Wednesday, December 28, 2005
Interesting editorial in today's Wall Street Journal, Let's Make a Deal:
When Ronald Reagan started his revolution in tax policy almost 25 years ago, he set off a benign chain reaction as tax rates fell around the world. OECD data show that the industrialized nations followed the U.S. lead and have cut their most punitive tax rates by about 30% on average since 1985.
We mention this history because two reports -- by the Congressional Budget Office [blogged here] and the nonpartisan Tax Foundation [blogged here] -- have sobering news about America's current tax standing in the world. Bluntly: Many countries not only have caught up with the U.S. in lowering taxes, in some areas they are beating us at our own game. America now imposes the highest corporate income tax rate among the 30 wealthiest countries. Once the Michael Jordan of tax cutting, we're now the Chris Rock, a joke. As the nearby table shows, the U.S. combined state and federal corporate tax rate of 39.3% is 10 percentage points higher than the OECD average.
We wonder if there isn't a left-right deal to be made here: Broaden the base by eliminating special-interest preferences, but lower the rate to make America's companies that do pay the tax more competitive....

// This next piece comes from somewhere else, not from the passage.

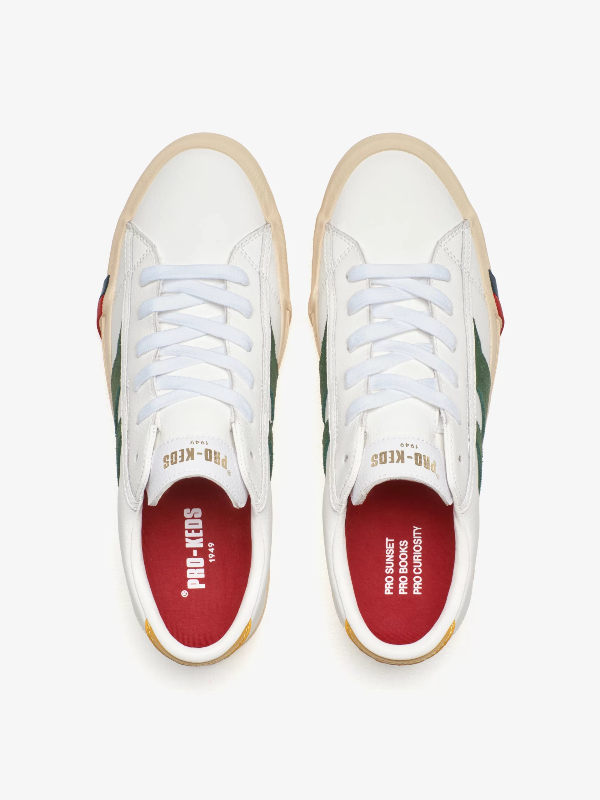 Sneaker ispirata all’archivio ®Pro-Keds del 1949, costruita per garantire struttura e comfort. Tomaia in suede o pelle premium con dettagli a contrasto, fascia elastica interna che facilita la calzata e fodera in pelle per un comfort superiore. Completa il design heritage la suola in gomma con l’iconico logo rosso e blu che prosegue sotto il battistrada.

There has been a great hullabaloo in recent years about so-called "Benedict Arnold" companies (in John Kerry's phrase) that move facilities offshore to Bermuda, the Cayman Islands and other international tax havens to avoid paying U.S. taxes. That happens because a company incorporated in the U.S. is automatically obliged to make Uncle Sam a one-third shareholder by paying the first 35% of all profits in taxes....Ironically, those in Congress who moan about offshore investing and "out-sourcing jobs" are the biggest defenders of America's highest-in-the-world corporate tax rates. Instead, Congress should be doing more corporate tax cutting. The clear beneficiaries would be U.S. firms and their American workforce.